Task to complete
Output all of the lines below exactly, and leave out each image.

Exercise data
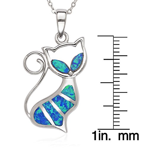 This cat pendant necklace is inlaid with created blue opal for a unique look. The sterling silver necklace has a high polish finish, and the 18-inch Italian diamond-cut sparkling cable chain secures with a spring ring clasp
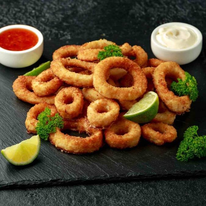 Porção de aproximadamente 300 gramas com 12 anel de lula empanada.
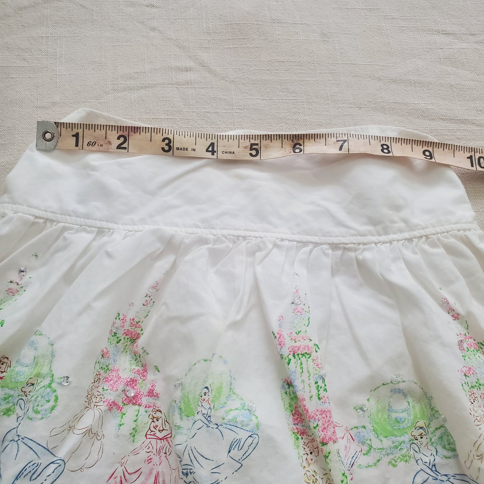 Cute Disney Princess skirt with flowers and rhinestones on it! Please see all photos for condition and measurements.
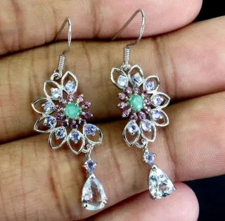 Eleganti orecchini pendenti in argento, con un design floreale arricchito da pietre colorate Naturali. - Metallo: Argento 925 - Pietre centrali verdi smeraldo. - Pendente a goccia trasparente TIPO DI METALLO: Argento Sterling 925 PLACCATO: Oro bianco 14k MISURA (USA) PIETRA PRINCIPALE: Acquamarina ALTRE GEMME: Smeraldo, Granato Rodolite, Tanzanite PESO TOTALE: 3,42 grammi (argento + pietra) DIMENSIONI: * PIETRA DA 1,5 A 7,0 X 5,0 MM. * FACCIA ORECCHINI 41,0 X 13,0 MM. FORMA DELLA PIETRA PRINCIPALE: Taglio a goccia COLORE DELLA PIETRA PRINCIPALE: Blu PUREZZA/GRADO: If To Vvs TRATTAM

Exercise solution
 This cat pendant necklace is inlaid with created blue opal for a unique look. The sterling silver necklace has a high polish finish, and the 18-inch Italian diamond-cut sparkling cable chain secures with a spring ring clasp
 Porção de aproximadamente 300 gramas com 12 anel de lula empanada.
 Cute Disney Princess skirt with flowers and rhinestones on it! Please see all photos for condition and measurements.
 Eleganti orecchini pendenti in argento, con un design floreale arricchito da pietre colorate Naturali. - Metallo: Argento 925 - Pietre centrali verdi smeraldo. - Pendente a goccia trasparente TIPO DI METALLO: Argento Sterling 925 PLACCATO: Oro bianco 14k MISURA (USA) PIETRA PRINCIPALE: Acquamarina ALTRE GEMME: Smeraldo, Granato Rodolite, Tanzanite PESO TOTALE: 3,42 grammi (argento + pietra) DIMENSIONI: * PIETRA DA 1,5 A 7,0 X 5,0 MM. * FACCIA ORECCHINI 41,0 X 13,0 MM. FORMA DELLA PIETRA PRINCIPALE: Taglio a goccia COLORE DELLA PIETRA PRINCIPALE: Blu PUREZZA/GRADO: If To Vvs TRATTAM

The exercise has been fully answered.